Students participate in The Hour of Code popup classroom as team member Andrew McCurdy supervises. Photo by Scott Ball.
Students participate in The Hour of Code popup classroom as team member Andrew McCurdy supervises during STEM Week in 2015. Credit: Scott Ball / San Antonio Report

Mayor Ivy Taylor’s signature comprehensive planning initiative, SA Tomorrow, could become a transformative action plan by the time it is completed next year if elected officials summon the political strength to do two things: Stop incentivizing sprawl and dramatically increase incentives for urban core and downtown development.

Such a dramatic shift in San Antonio’s tectonic plates would herald a new era, one even more ambitious than former Mayor Julían Castro’s Decade of Downtown. Such a visible pivot would generate considerable positive media and attention outside the city, something San Antonio’s recent deal with GM Financial for back office jobs here will not do.

More importantly, it would align all other initiatives with the goal of slowing sprawl and speeding up development of a national-class downtown. That would include the priorities set for the 2017 City Bond, and it might even generate enough public interest and pressure to grow the bond’s current anticipated size from $750 million to something closer to $1 billion.

Such a move might risk the City’s AAA Bond rating, but the increased interest payments that would come with a slight downgrade would be dwarfed by the economic activity sparked by an extra $250 million in inner city infrastructure investment.

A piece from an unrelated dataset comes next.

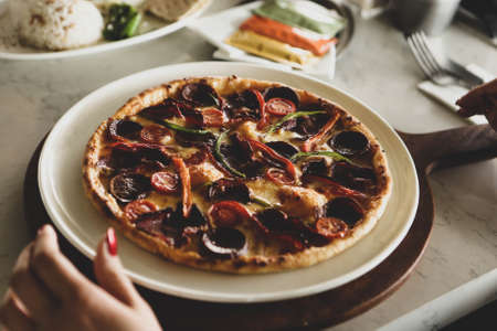 Hand of a girl in a red dress separating a slice of the mushroom pizza with peppers. Girl in a restaurant helping herself to a slice of pizza. Delicious freshly baked pepper pizza with meat.

A city and its leadership so hyper focused on such a major downtown initiative inevitably would turn its attention to the state of public schools and the role that school districts and higher education can play in building a better city or acting as a drag on progress.

Right now public education remains an Achilles’ heel for San Antonio, but the initial success of Pre-K 4 SA, the significant growth and improvement at UTSA and the Alamo Colleges over the last decade, and the arrival of an ambitious and visionary superintendent to head the San Antonio Independent School District, are all factors that make profound change possible if the political will and the financial resources can be mustered.

Cynics might snicker at the notion that San Antonio’s inner city public schools can be dramatically improved under Martinez, but there is only one 2015 National Blue Ribbon School in Bexar County recognized by the Department of Education and that is SAISD’s Young Women’s Leadership Academy.

Teacher Nina Slote shapes young scientific minds at Young Women's Leadership Academy. Photo by Bekah McNeel.
Teacher Nina Slote shapes young scientific minds at Young Women’s Leadership Academy. Photo by Bekah McNeel.

The district also has a good story to tell about its other in-district charter school and magnet schools. While Martinez is challenging every principal at every campus to elevate education outcomes, what SAISD most obviously lacks is a destination high school, a Bronx High School of Science, a Boston Latin School, or a Michael DeBakey High School for Health Professionals in the Houston ISD. All three of those nationally ranked inner city campuses serve large, mostly minority student bodies.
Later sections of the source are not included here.